Глава 18

Кестрел не спалось. Она бродила по спящему дому, смотрела на медные тазы, поблескивающие в темноте кухни, словно вереница подвешенных лун. Её поступь была не громче постукивания мышиных лапок о ступеньки. Она нашла библиотеку, вспомнила, как касалась корешков книг, когда жила здесь в прошлой жизни. Кестрел вновь дотронулась до них. Она вспоминала и трогала книги, трогала и вспоминала. Её пианино представляло собой самую большую тень в комнате. Арин перевёз его сюда из отеческого дома. Это было до тюрьмы, до императорского дворца. Он просил её остаться и разделить с ним жизнь. Она ушла от него, ушла в гавань, к украденной рыбацкой лодке. В бушующее море. К императору. Сделав выбор.

Столица: чопорное кружево, сахар, снег. Густая кровь, ободранные пальцы. Белые костяшки суставов.

Выбирай, велел император, когда она оказалась впервые перед ним и увидела, как он холоден и хитер. Она выбрала брак с его сыном. Её отец безмерно гордился дочерью.

Воспоминания мурашками рассыпались по её коже.

Через посеребренное окно Кестрел увидела гавань. Залив был залит светом. Ей не было холодно, но она всё равно потерла ладонями обнаженные плечи, привычка, оставшаяся с того времени, когда она все время мёрзла. Но поняв, что она делает, Кестрел остановилась. И вновь задумалась: почему у тела и разума так различаются воспоминания, которые порой вступают друг с другом в противоречия.

Ей не было холодно, и всё же она ощущала холод. В её сердце притаилась глыба льда.

Кестрел не знала, что ответит Арину на рассвете. Предложенный им выбор стал таким большим, что она не могла ясно понять — остаться или ехать. Она видела сам выбор и только.

Выбор её страшил. Она и так за него уже слишком дорого заплатила.
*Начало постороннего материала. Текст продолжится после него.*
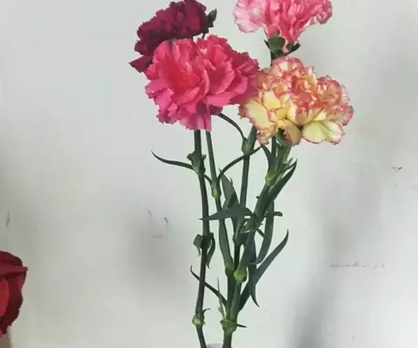 2.浇水:康乃馨生长强健,较耐干旱。多雨过湿地区,土壤易板结,根系因通风不良而发育不正常,所以雨季要注意松土排水。除生长开花旺季要及时浇水外。平时可以少浇水,以维持土壤湿润为宜。空气湿润度以保持在75%左右为宜,花前适当喷水调湿,可防止花苞提前开裂。
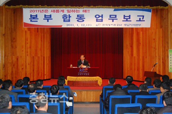 충남지역본부(본부장 방한오)는 12일 본부 회의실에서 열린 합동 업무보고회를 갖고 고객 중심의 현장밀착 경영을 더욱 강화해 나가 겠다고 다짐했다.

Кестрел посмотрела на гавань и вспомнила, как стояла там прошлой зимой, как её дыхание превращалось в облачка пара… и Арина тоже. Её рука на зазубренном осколке керамики, остром, как нож. Рыбацкая лодка, покачивающаяся на волнах у пристани. Он позволил ей сбежать, выбрал для неё свободу и вероятную гибель для себя просто потому, что ему была невыносима мысль, что он удерживал её насильно.

Не Арин был льдом в её сердце. Не он причина страха, удерживающего её от воспоминаний о себе прежней и того, что она сделала и чем это для неё обернулось.

Кем была Кестрел? Она мысленно перечислила всё, что знала, изучила каждый осколок прежней себя. Благородная, по словам Арина. Храбрая, думала она прежде. Она представила эту Кестрел — создание, сотканное из этих рассказов, и захотела, чтобы именно такой она и была.

Девушка не стояла на месте. Ноги несли её в покои Сарсин. Она крадучись прошла по половицам, открыв двери, затем шкаф, чтобы переодеться. А потом и обуться.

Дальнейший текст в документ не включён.